DATA »
________________________________________
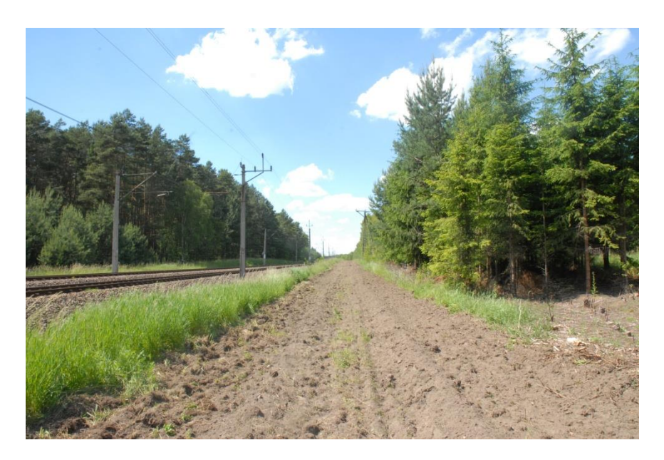
Figure 2. Modified firebreak beside the railway

In the case of modernisation of existing firebreaks it is recommended to use the existing first furrow, executing widening of this furrow to the required width from the side of the tracks, as the ground conditions permit. In connection with the above it has become essential to change the regulations currently in force through agreement of the ministers responsible for supervision of rail traffic, forests and fire prevention protection.
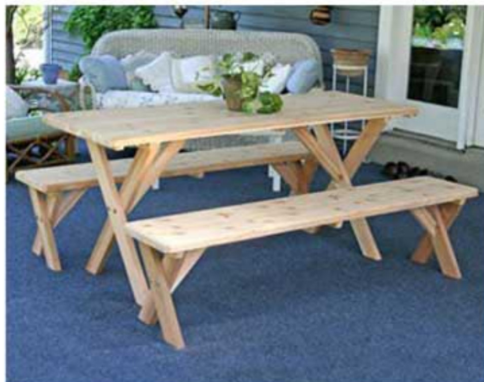
5 Foot Table Shown Above
________________________________________
ACTIVITY »
The preceding listing is to be restated word for word, with every picture omitted.

TASK ANSWER »
Figure 2. Modified firebreak beside the railway

In the case of modernisation of existing firebreaks it is recommended to use the existing first furrow, executing widening of this furrow to the required width from the side of the tracks, as the ground conditions permit. In connection with the above it has become essential to change the regulations currently in force through agreement of the ministers responsible for supervision of rail traffic, forests and fire prevention protection.
5 Foot Table Shown Above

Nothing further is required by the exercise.